- _What you need to do_
Take the material below and extract the lines from the one with "電線の下での釣りは危険" through the one with "Finca mit angrenzenden Barbecuehaus und Pool", word for word, without pictures.

- _Data supplied_
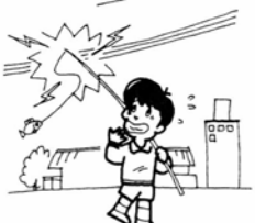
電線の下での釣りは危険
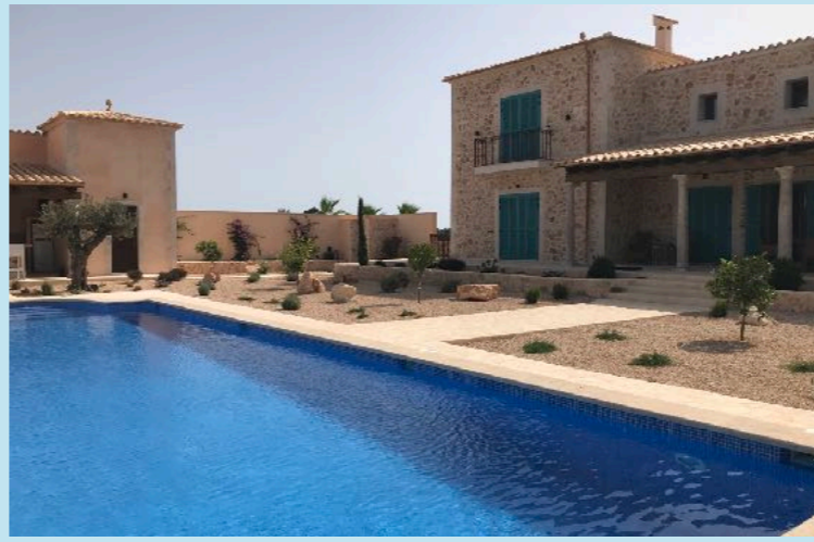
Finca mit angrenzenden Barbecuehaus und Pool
---
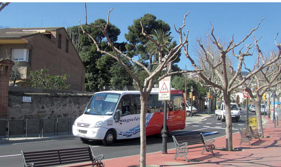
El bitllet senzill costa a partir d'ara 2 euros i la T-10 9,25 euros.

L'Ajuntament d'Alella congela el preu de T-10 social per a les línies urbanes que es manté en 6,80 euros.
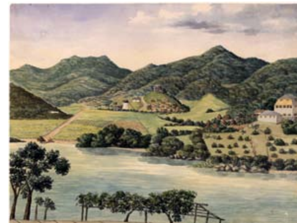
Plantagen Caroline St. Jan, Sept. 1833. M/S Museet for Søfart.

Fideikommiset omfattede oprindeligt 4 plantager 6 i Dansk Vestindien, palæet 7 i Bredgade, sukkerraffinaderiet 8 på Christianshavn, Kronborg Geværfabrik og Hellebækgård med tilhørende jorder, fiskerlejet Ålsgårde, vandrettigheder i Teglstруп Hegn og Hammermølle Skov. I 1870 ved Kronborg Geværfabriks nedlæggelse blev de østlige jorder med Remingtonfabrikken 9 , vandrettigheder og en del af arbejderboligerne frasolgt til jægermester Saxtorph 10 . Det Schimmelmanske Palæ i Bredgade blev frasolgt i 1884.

- _Problem solution_
電線の下での釣りは危険
Finca mit angrenzenden Barbecuehaus und Pool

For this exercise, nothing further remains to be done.